--- DATA EXTRACT ---

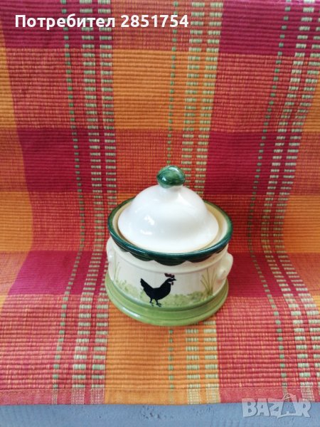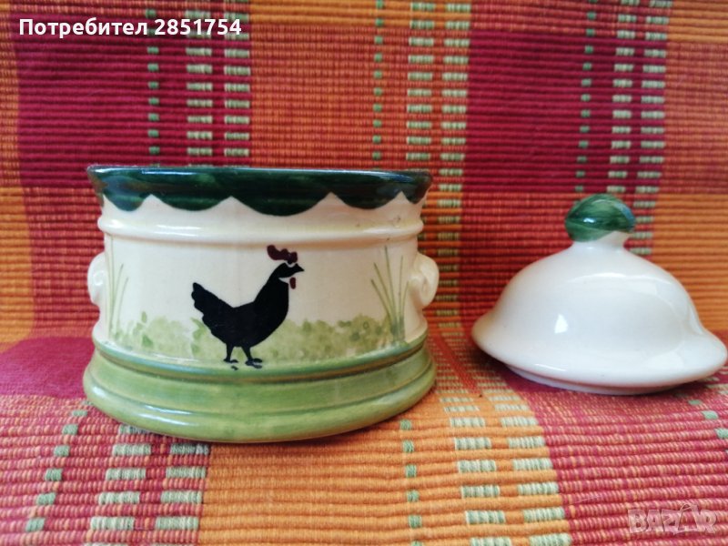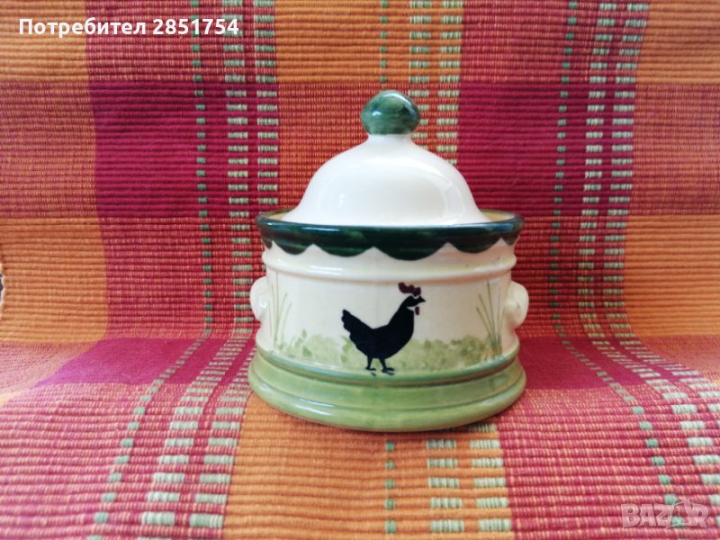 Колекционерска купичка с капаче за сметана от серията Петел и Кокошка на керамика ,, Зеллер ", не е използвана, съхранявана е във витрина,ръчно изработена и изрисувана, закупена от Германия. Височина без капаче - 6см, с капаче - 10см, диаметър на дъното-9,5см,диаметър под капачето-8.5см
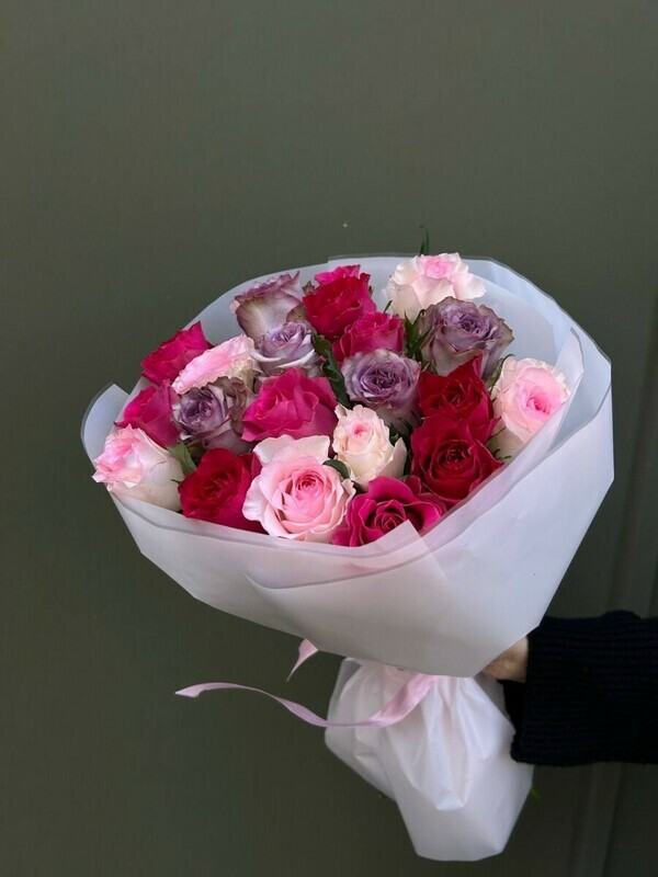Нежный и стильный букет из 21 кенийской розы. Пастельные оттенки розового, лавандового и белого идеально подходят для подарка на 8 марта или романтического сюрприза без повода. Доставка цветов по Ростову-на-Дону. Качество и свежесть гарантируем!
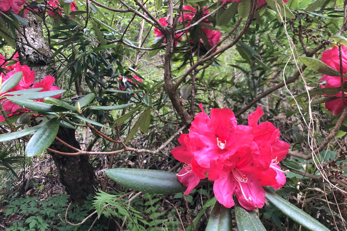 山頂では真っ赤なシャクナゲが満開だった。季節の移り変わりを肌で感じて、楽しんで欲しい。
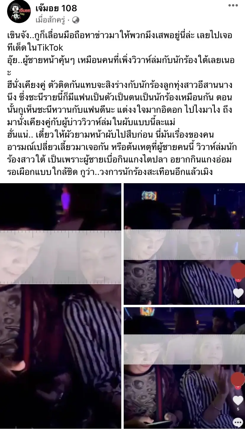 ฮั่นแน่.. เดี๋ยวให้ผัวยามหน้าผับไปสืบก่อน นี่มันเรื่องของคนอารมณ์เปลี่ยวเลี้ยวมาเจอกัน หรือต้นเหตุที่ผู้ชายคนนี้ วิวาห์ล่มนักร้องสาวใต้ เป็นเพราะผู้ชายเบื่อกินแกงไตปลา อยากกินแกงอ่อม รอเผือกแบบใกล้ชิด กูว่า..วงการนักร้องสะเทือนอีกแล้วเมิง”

---

• [YOUR INSTRUCTIONS]: Images are to be skipped, and each line above is to be returned exactly.

• [WRITTEN RESPONSE]:
 Колекционерска купичка с капаче за сметана от серията Петел и Кокошка на керамика ,, Зеллер ", не е използвана, съхранявана е във витрина,ръчно изработена и изрисувана, закупена от Германия. Височина без капаче - 6см, с капаче - 10см, диаметър на дъното-9,5см,диаметър под капачето-8.5см
Нежный и стильный букет из 21 кенийской розы. Пастельные оттенки розового, лавандового и белого идеально подходят для подарка на 8 марта или романтического сюрприза без повода. Доставка цветов по Ростову-на-Дону. Качество и свежесть гарантируем!
 山頂では真っ赤なシャクナゲが満開だった。季節の移り変わりを肌で感じて、楽しんで欲しい。
 ฮั่นแน่.. เดี๋ยวให้ผัวยามหน้าผับไปสืบก่อน นี่มันเรื่องของคนอารมณ์เปลี่ยวเลี้ยวมาเจอกัน หรือต้นเหตุที่ผู้ชายคนนี้ วิวาห์ล่มนักร้องสาวใต้ เป็นเพราะผู้ชายเบื่อกินแกงไตปลา อยากกินแกงอ่อม รอเผือกแบบใกล้ชิด กูว่า..วงการนักร้องสะเทือนอีกแล้วเมิง”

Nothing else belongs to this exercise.